▸ **EXERCISE DESCRIPTION**
Print word for word the first line of the listing below and every line after it, through the line with "2025年12月的TIOBE". Leave out the pictures and the rest.

▸ **GIVEN MATERIAL**
· · · · ·

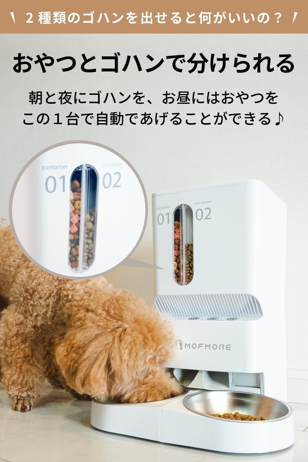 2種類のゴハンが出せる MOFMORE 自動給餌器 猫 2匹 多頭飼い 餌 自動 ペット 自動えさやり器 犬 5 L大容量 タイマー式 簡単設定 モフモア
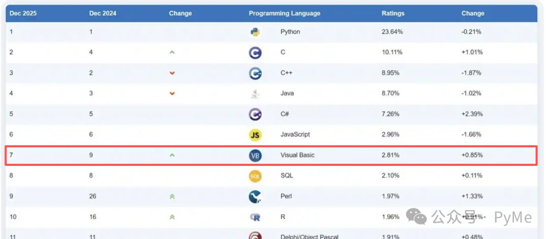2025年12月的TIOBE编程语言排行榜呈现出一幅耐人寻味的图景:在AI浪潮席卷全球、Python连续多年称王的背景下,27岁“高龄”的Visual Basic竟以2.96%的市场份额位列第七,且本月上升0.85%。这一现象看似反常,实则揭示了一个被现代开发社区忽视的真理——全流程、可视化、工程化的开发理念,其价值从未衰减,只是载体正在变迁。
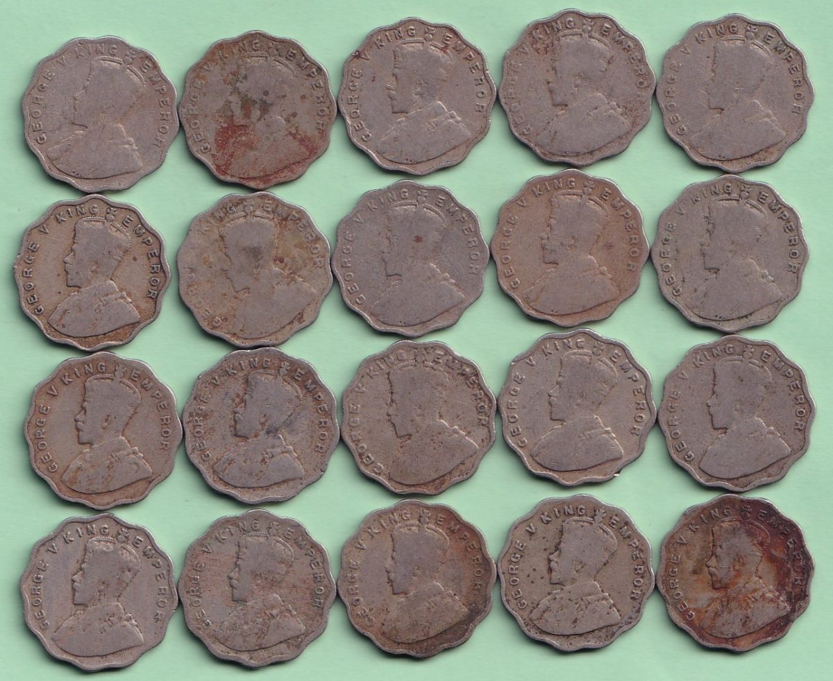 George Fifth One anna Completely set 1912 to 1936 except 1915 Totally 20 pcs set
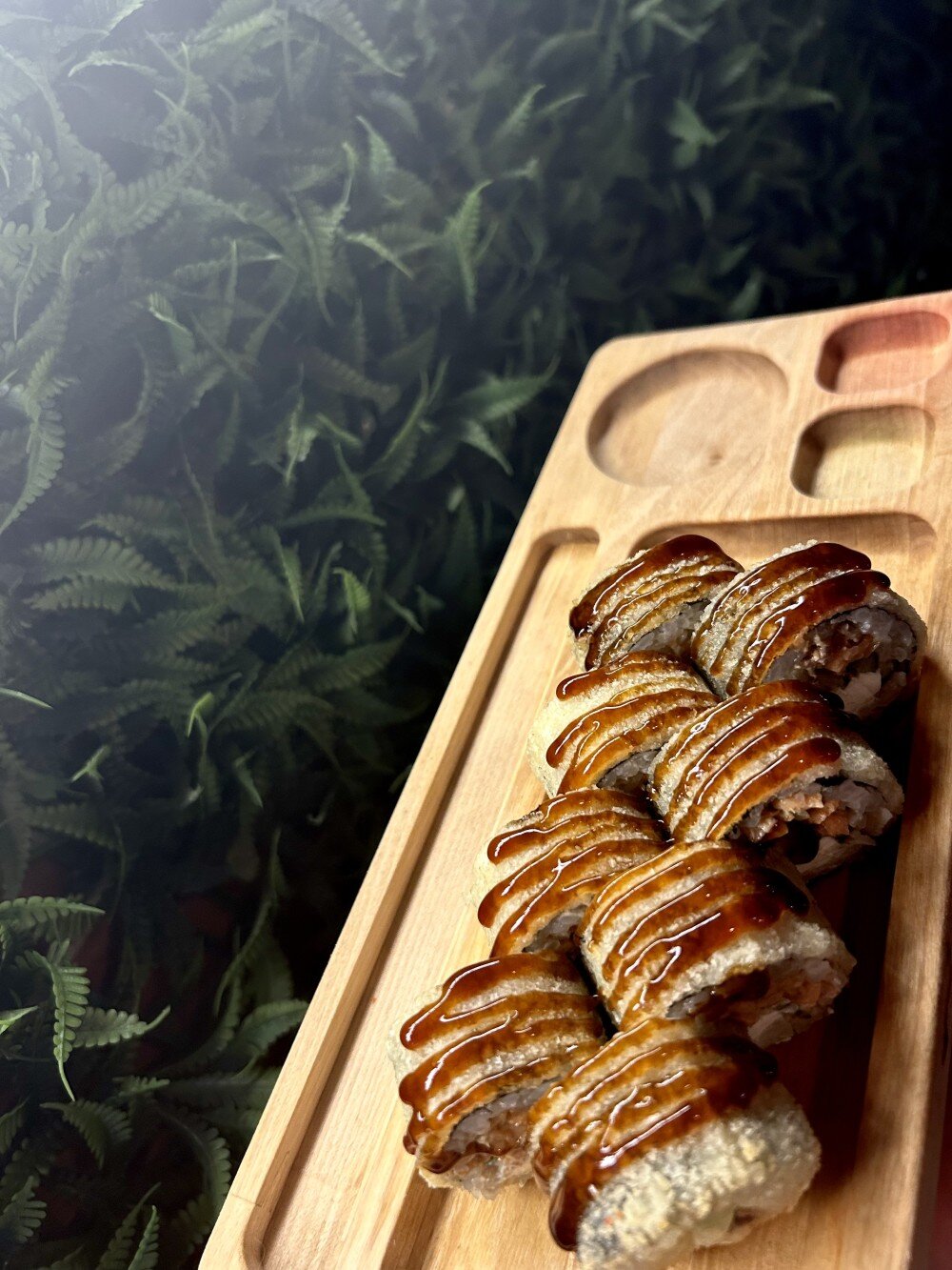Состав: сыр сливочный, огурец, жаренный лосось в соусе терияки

· · · · ·

▸ **REPLY TO THE EXERCISE**
 2種類のゴハンが出せる MOFMORE 自動給餌器 猫 2匹 多頭飼い 餌 自動 ペット 自動えさやり器 犬 5 L大容量 タイマー式 簡単設定 モフモア
2025年12月的TIOBE编程语言排行榜呈现出一幅耐人寻味的图景:在AI浪潮席卷全球、Python连续多年称王的背景下,27岁“高龄”的Visual Basic竟以2.96%的市场份额位列第七,且本月上升0.85%。这一现象看似反常,实则揭示了一个被现代开发社区忽视的真理——全流程、可视化、工程化的开发理念,其价值从未衰减,只是载体正在变迁。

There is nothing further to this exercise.